Volví sobre mis pasos para atravesar otra puerta y retornar a la sala de juegos, pero aparecí en un espacio desconocido, sin juguetes. No me detuve, continué caminando en forma pausada. Ahora llegué a otra habitación que parecía un dormitorio. El nivel de mis ojos solo superaba el borde de la cama, que lucía armada y en perfecto orden. No reconocí el cobertor ni el edredón que estaba a la altura de las almohadas. Tropecé con una alfombra de color rojo que jamás había visto.

Traté de salir de la casa, rumbo al patio, desesperado, espiando alguna luz que me diese una señal de vida. En el trayecto choqué con un viejo mueble de roble, que mucho tiempo atrás debió ser un armario y ahora era un escombro en mi camino.

Mientras tanto, sentía cómo se aceleraba mi corazón. Corrí hacia otra puerta, pensando que era salida a la calle. Solo sumé una desilusión más, puesto que ingresé a un baño de azulejos celestes y cortinas plásticas con flores rosadas, imposibles de reconocer. Retrocedí nuevamente y en lugar de volver al dormitorio, ahora estaba en un living lleno de muebles antiguos.
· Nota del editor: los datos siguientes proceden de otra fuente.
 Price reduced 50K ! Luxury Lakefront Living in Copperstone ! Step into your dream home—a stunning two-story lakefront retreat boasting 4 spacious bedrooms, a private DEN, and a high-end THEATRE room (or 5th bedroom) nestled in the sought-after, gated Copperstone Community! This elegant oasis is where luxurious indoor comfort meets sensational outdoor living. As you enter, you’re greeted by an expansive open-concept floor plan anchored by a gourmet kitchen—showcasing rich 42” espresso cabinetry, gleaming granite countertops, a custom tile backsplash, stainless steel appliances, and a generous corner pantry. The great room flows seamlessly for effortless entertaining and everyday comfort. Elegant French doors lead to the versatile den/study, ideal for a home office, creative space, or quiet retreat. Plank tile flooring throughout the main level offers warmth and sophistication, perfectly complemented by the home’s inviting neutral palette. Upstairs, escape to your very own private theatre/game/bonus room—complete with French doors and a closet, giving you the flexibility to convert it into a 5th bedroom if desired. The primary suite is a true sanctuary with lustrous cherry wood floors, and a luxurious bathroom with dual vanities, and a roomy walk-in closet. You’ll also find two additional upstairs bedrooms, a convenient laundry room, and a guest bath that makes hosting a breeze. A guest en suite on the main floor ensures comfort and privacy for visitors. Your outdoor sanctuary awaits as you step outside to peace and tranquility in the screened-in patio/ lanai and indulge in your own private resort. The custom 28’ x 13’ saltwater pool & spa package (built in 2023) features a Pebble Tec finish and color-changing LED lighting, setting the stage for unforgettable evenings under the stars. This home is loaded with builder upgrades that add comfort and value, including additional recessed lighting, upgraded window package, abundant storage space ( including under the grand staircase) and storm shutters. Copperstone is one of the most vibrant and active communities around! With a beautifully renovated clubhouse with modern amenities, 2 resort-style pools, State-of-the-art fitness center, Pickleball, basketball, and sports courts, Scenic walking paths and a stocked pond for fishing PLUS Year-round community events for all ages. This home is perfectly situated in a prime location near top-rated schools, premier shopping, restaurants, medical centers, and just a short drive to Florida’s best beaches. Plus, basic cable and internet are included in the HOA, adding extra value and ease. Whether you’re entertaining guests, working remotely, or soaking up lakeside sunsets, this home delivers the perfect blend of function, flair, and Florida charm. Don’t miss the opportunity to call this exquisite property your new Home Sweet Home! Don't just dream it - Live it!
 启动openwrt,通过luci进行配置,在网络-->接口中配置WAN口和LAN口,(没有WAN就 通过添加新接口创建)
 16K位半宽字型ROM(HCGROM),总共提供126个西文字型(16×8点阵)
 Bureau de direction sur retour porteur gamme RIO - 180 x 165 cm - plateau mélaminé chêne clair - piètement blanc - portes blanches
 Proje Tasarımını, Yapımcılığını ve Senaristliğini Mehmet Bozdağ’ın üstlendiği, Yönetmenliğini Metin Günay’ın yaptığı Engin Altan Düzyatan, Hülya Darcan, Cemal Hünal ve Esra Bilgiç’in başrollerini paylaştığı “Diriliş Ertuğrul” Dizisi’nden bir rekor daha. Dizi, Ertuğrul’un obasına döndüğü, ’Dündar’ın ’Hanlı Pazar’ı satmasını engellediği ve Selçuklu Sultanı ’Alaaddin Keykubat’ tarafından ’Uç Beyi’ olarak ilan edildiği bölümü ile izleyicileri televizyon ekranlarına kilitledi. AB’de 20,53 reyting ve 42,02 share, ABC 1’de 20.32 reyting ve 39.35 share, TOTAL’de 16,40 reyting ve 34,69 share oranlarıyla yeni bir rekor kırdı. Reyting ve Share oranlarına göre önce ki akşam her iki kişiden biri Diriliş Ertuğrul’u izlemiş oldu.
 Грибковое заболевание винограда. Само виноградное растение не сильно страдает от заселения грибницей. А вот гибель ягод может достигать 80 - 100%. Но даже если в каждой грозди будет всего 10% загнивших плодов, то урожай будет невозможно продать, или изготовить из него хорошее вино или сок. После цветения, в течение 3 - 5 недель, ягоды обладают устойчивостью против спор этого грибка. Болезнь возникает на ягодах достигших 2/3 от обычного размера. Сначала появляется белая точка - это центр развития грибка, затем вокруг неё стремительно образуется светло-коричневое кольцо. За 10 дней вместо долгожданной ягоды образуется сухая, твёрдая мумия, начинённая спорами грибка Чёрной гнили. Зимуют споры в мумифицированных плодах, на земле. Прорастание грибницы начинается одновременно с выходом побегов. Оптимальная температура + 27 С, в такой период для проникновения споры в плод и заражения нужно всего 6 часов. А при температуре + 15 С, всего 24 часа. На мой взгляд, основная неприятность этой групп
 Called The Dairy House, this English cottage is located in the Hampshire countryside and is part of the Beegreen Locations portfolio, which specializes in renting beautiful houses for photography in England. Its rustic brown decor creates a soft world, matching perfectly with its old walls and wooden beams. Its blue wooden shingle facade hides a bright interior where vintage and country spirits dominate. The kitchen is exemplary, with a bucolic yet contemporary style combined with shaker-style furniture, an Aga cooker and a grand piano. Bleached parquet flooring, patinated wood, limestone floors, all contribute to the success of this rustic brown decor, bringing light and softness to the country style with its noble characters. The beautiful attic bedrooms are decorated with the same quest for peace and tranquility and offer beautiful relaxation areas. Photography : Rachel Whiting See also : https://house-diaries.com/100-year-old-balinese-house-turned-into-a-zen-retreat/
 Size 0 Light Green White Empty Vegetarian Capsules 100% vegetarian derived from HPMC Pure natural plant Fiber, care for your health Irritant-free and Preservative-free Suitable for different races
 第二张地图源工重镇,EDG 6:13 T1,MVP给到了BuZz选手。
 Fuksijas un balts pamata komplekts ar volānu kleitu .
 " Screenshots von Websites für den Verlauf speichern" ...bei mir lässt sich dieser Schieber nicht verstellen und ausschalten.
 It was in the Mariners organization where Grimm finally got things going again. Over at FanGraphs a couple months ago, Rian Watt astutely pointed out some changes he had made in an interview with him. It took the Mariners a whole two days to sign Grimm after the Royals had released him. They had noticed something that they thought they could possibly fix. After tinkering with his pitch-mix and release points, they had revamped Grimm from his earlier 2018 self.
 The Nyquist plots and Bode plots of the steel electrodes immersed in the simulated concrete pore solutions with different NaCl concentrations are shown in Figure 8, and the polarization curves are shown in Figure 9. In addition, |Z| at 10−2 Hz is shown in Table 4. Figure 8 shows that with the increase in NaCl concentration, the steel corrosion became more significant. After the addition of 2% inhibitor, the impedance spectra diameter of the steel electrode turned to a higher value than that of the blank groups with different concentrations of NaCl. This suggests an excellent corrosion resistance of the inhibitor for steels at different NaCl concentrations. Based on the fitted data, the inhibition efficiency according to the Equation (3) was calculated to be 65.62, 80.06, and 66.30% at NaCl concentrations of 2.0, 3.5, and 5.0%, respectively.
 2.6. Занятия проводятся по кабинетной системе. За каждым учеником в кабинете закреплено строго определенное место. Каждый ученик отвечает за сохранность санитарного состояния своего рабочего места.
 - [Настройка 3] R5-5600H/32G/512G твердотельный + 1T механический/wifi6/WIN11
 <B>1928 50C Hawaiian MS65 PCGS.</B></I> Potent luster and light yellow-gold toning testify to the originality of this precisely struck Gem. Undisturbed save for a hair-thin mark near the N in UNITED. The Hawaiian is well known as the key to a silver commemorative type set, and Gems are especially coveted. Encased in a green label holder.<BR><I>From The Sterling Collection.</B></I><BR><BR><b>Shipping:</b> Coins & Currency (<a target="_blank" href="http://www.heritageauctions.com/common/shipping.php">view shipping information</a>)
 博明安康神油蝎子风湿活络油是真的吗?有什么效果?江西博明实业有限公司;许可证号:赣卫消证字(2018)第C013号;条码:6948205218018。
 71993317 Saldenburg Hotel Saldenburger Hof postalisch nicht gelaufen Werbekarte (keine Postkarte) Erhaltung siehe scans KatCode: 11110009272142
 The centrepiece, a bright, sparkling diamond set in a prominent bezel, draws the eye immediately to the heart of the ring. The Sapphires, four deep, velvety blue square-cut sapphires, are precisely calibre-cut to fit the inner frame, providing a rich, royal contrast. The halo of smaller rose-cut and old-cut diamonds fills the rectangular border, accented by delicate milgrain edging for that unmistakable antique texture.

A medida que avanzaba, la casa parecía crecer y sumar un espacio más. No podía encontrar mis juguetes y no quería llorar ni gritar. Era la hora de la siesta, y mis padres estaban dormidos. Pero no reconocía mi casa, no identificaba nada, el piso era distinto, el techo quedaba más lejos, las paredes no tenían cuadros. Las patas de las sillas eran diferentes. Me arrastré por debajo de la mesa, que solía ser mi escondite de enojado, y estaba oscuro, ese oscuro de tener miedo. Todo mi cuerpo se enredó con infinitas estalactitas de telarañas, gruesas y pegajosas. Huí de allí, pensando que si los dioses quieren destruir a alguien, primero lo vuelven loco.

Empecé a correr por un pasillo largo, tan largo que no se veía la luz del final. Escuché pasos detrás de mí que también corrían. Era alguien, pero no me animaba a mirar. Recordé la escena del nene en el triciclo en El resplandor. Los pasos más cerca, más cerca, más ceeerrrcaaa, hasta que sentí dos manos sobre mis hombros. “Me atrapó el viejo de la bolsa”, pensé. En ese momento escuché su voz, la de él, entre agitado y asustado: “¿Qué hacés en la casa del vecino, tontito…? Hace dos horas que estamos buscándote con tu madre…”.